Governor of the South Moravian Region
- Incumbent
- Assumed office 11 November 2020
- Preceded by: Bohumil Šimek

Leader of KDU–ČSL
- Incumbent
- Assumed office 24 April 2026
- Preceded by: Marek Výborný

Representative of the South Moravian Region
- Incumbent
- Assumed office 8 October 2016

Personal details
- Born: 11 June 1984 (age 41) Brno, Czechoslovakia
- Party: KDU-ČSL
- Alma mater: Masaryk University

= Jan Grolich =

Czech politician

Jan Grolich (born 11 June 1984) is a Czech politician, lawyer and former stand-up comedian. He has been serving as the leader of KDU-ČSL since April 2026. Grolich has served as representative of the municipality of Velatice and Governor of South Moravian Region, respectively since 2010 and 2020.

==Early life==
Grolich was born in Brno on 11 June 1984. He completed his law practice in Brno, passing the bar exams already during his mayoralty. Grolich also used to be a stand-up comedian.

==Political career==
===2010s===
In the 2010 Czech municipal elections, Grolich was elected as local candidate, representing the municipality of Velatice for KDU-ČSL. He later became mayor, having defended the mandate of representative in the 2014 and 2018 municipal elections. In the 2022 municipal elections, Grolich ran for council in Velatice from the second-place candidate and eventually defended the mandate of village representative.

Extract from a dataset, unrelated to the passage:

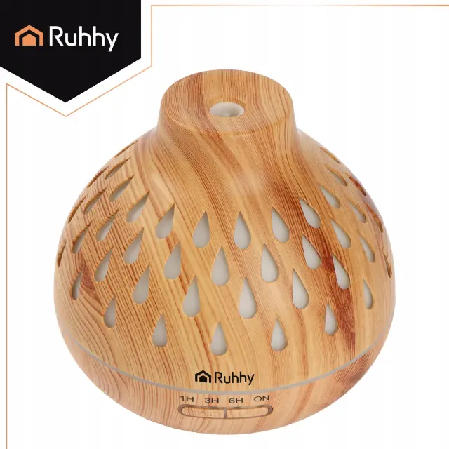 Aroma difuzor Puri Ruhhy je kombinacija vlažilnika zraka in aromaterapevtske naprave, ki v trenutku ustvari sproščujoče vzdušje doma. Ultrazvočna tehnologija proizvaja fino, hladno meglico, prepojeno z eteričnimi olji, velik 400 ml rezervoar pa zagotavlja do 10 ur delovanja. Tiho delovanje (36 dB), funkcija samodejnega izklopa, barvita LED osvetlitev in časovnik ga naredijo idealen dodatek za spalnico, dnevno sobo, pisarno ali spa. Svetlo zrnat les se odlično poda k moderni notranjosti.

In the 2016 Czech regional elections, Grolich was elected as a representative of the South Moravian Region for the KDU-ČSL. In the 2020 regional elections, he was leader of the KDU-ČSL in the South Moravian Region and defended the mandate of the regional representative.

In the 2017 Czech parliamentary election, Grolich ran in the last place of the KDU-ČSL candidate in the South Moravian Region, but was unsuccessful.

===2020s===
In the 2020 Czech regional elections, Grolich was the leader of the KDU-ČSL candidate in the South Moravian Region. He was the third most circled politician in the country, ahead of him only Martin Kupka (ODS) and Vít Rakušan (STAN). After the elections, within the post-election coalition of KDU-ČSL, Czech Pirate Party and ODS for South Moravia, Grolich became the governor of the South Moravian Region on 11 November 2020 and subsequently resigned from the post of mayor of Velatice. In February 2024, he became the leader of the candidate list of the Spolu coalition for the regional elections in 2024 in the South Moravian Region.

On 24 April 2026, Grolich was elected in a KDU-ČSL leadership election, with 233 out of 266 votes, being the only candidate.

==Personal life==
Grolich lives in Velatice and claims to be a Moravian. Since 2010, he has been married to Magdalena Grolichová.